The Company had 8.4 million, 13.8 million, and 24.1 million common shares outstanding as of December 31, 2009, December 31, 2010 and March 18, 2011 respectively.
Readers are referred to, and encouraged to read in their entirety, the Forms 8-K regarding the matters referred to herein, including any exhibits attached thereto, and the Company’s Annual Report on Form 10-K for the year ended December 31, 2010 to be filed with the Securities and Exchange Commission, which includes further detail on the above-referenced transactions and the Company’s business plans and operations, financial condition and results of operations.

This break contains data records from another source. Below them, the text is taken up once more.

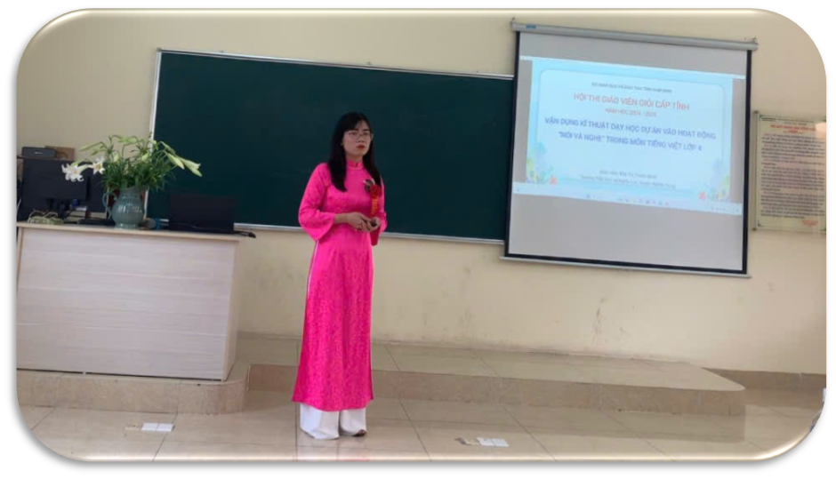 Ngoài phần thi thực hành tiết dạy, cô còn có phần trình bày biện pháp “Vận dụng kĩ thuật dạy học dự án vào hoạt động “nói và nghe” trong môn Tiếng Việt lớp 4”. Cô đã chia sẻ nhiều kinh nghiệm bổ ích, chẳng hạn như việc sử dụng phương pháp dạy học tích cực, lồng ghép trò chơi giáo dục vào bài giảng, ứng dụng công nghệ thông tin nhằm tăng tính trực quan và sinh động cho bài học. Đồng thời, cô cũng nhấn mạnh tầm quan trọng của việc rèn luyện kỹ năng quan sát, tư duy phản biện cho học sinh thông qua các hoạt động trải nghiệm thực tế.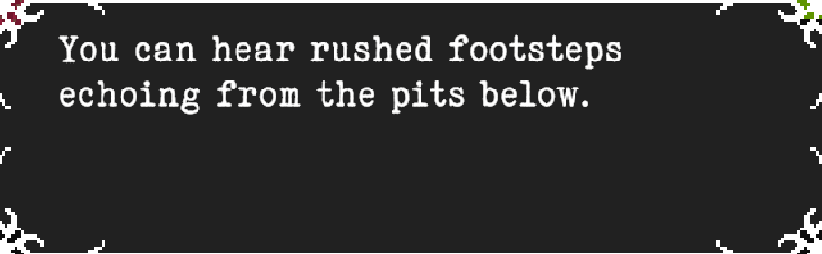 I understood that the holes in the bat room are leaps of faith and may look to be avoided instead of going down into, that’s why I plan for dialogue to appear coming from the first hole to indicate that the fleeing miner went down there before the player caught up, indicating to the player that it’s safe it go down there as well.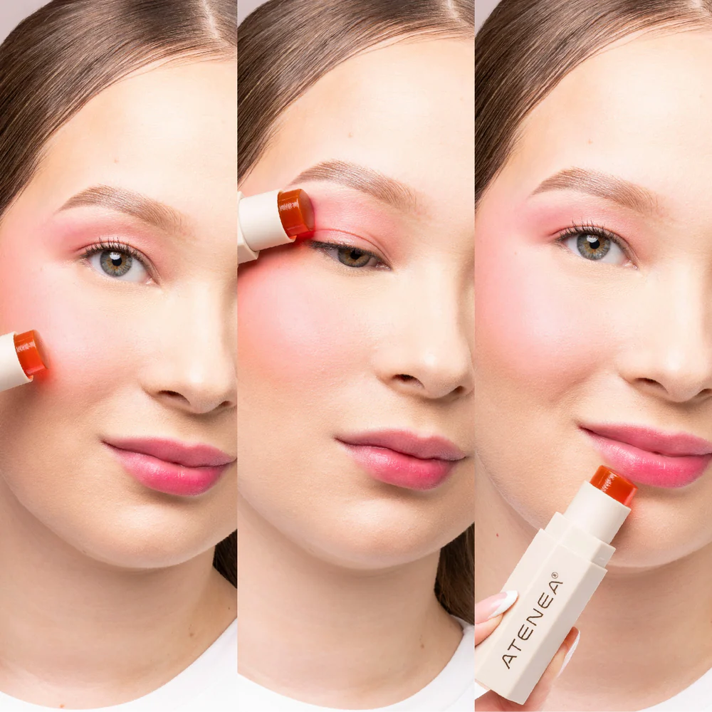 Los stick de Atenea Collection tienen textura cremosa, con fácil difuminación y de alta pigmentación, por lo que te recomendamos ir construyendo la tonalidad que deseas. El rubor en este caso aporta color a tu rostro, también puedes usarlo como sombra y labial, su tamaño es muy práctico para llevar en la cosmetiquera.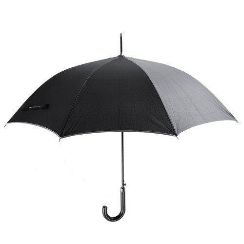 Paraguas de Antonio Miró de 8 paneles, con elegante diseño en color negro. De 120cm de diámetro, con apertura automática, sistema antiviento y en resistente material pongee. Con varillas metálicas en color negro, cierre de velcro y mango de suave tacto. Presentado en funda con logotipo de la marca y cinta con accesorio de ajuste.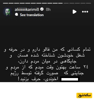 اخیراً علی کریمی با انتشار استوری در صفحه اینستاگرامش نوشت: «یعنی واقعاً دلیلی دارید برای فالوکردن این (نازنین بنیادی)؟! تا فردا میبینمتان؛ هرکس میخواهی باش. نازنین بنیادی نماد کسی است که یکشبه و از رقصیدن در کلیپ افشین و بعد حمایت فرقه ساینتولوژی و تام کروز شناخته شد و شد فعال سیاسی و بهاصطلاح اپوزیسیون جمهوری اسلامی و حالا در مقابل رسانههای جهان در مونیخ و رو به رضاشاه دوم؛ انقلاب ملی مردم را متهم به خشونت و انتقامجویی از قاتلان جوانان و مردم ایران میکند.»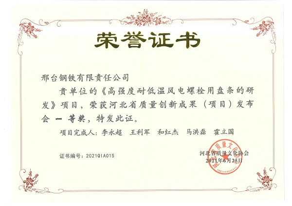 近日,由河北省質(zhì)量文化協(xié)會主辦的“河北省第四屆質(zhì)量創(chuàng)新成果(項目)發(fā)布會”在秦皇島召開,邢鋼精益六西格瑪代表團(tuán)3個成果入圍發(fā)布會名單,其中《高強(qiáng)度耐低溫風(fēng)電螺栓用盤條的研發(fā)》和《提高不銹鋼1Cr13澆次連澆爐數(shù)》榮獲一等獎,《提高Q55SiCrA-1線材成材率》榮獲二等獎。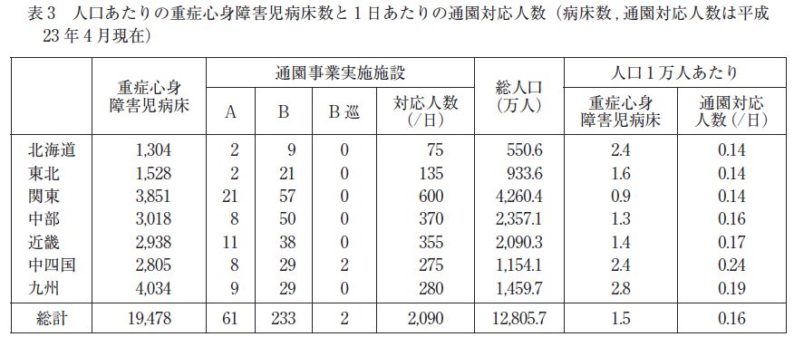 こうなっていますからNICUだけではなく他の疾患の治療後も含む広い調査であった事が確認できます。実数として確認できたのが244人ですが、回答が行なわれなかった施設にも同じように長期入院患者がいるとして391人。さらにかなり無理して在宅治療を行っているものを勘案してもどうでしょうか、全国で1000人程度のキャパシティを充実させればかなり解消する気がします。このレポートはさらに現在の重症心身障害者施設の現状も調査されています。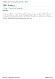 Verfahrenshinweise zum Aufenthalt in Berlin VAB E Russland 1 E.Russ.1. Russisches Sorgerecht (20.07.2005) Nach russischem Familienrecht ist es in Scheidungsfällen nicht vorgesehen, das Sorgerecht für ein eheliches Kind auf nur einen Elternteil zu übertragen. Auch der freiwillige Verzicht auf das Sorgerecht durch einen Elternteil ist nicht möglich. Dies bedeutet in der Praxis, dass die Einwilligung eines Elternteils zur ständigen Ausreise des gemeinsamen minderjährigen Kindes als ausreichend anzusehen ist. (Information des Deutschen Generalkonsulats Nowosibirsk vom Juli 2003). Dieses PDF wurde erstellt am: 21.04.2021 Seite 849 von 886

Surfaxin, Surfaxin LS, Aerosurf and the Company’s other aerosolized KL4 surfactant drug product candidates are investigational medications and are not approved by the FDA or any other world health regulatory authority for use in humans.
Conference Call Details
Discovery Labs will hold a conference call on Tuesday March 22, 2011 at 10:00 AM EDT to further discuss the foregoing. The call in number is 866-332-5218. The international call in number is 706-679-3237. This audio webcast will be available through a live broadcast on the Internet at http://us.meeting-stream.com/discoverylaboratories_032211and www.discoverylabs.com. The replay number to hear the conference call is 800-642-1687 or 706-645-9291. The passcode is 51155817.
About Discovery Labs
Discovery Laboratories, Inc. is a biotechnology company developing surfactant therapies for respiratory diseases. Surfactants are produced naturally in the lungs and are essential for breathing. Discovery Labs’ novel proprietary KL4 surfactant technology produces a synthetic, peptide-containing surfactant that is structurally similar to pulmonary surfactant and is being developed in liquid, aerosol or lyophilized formulations. In addition, Discovery Labs’ proprietary capillary aerosolization technology produces a dense aerosol, with a defined particle size that is capable of potentially delivering aerosolized KL4 surfactant to the lung
without the complications currently associated with liquid surfactant administration. Discovery Labs believes that its proprietary technology platform makes it possible, for the first time, to develop a significant pipeline of surfactant products to address a variety of respiratory diseases for which there frequently are few or no approved therapies. For more information, please visit our website at www.Discoverylabs.com.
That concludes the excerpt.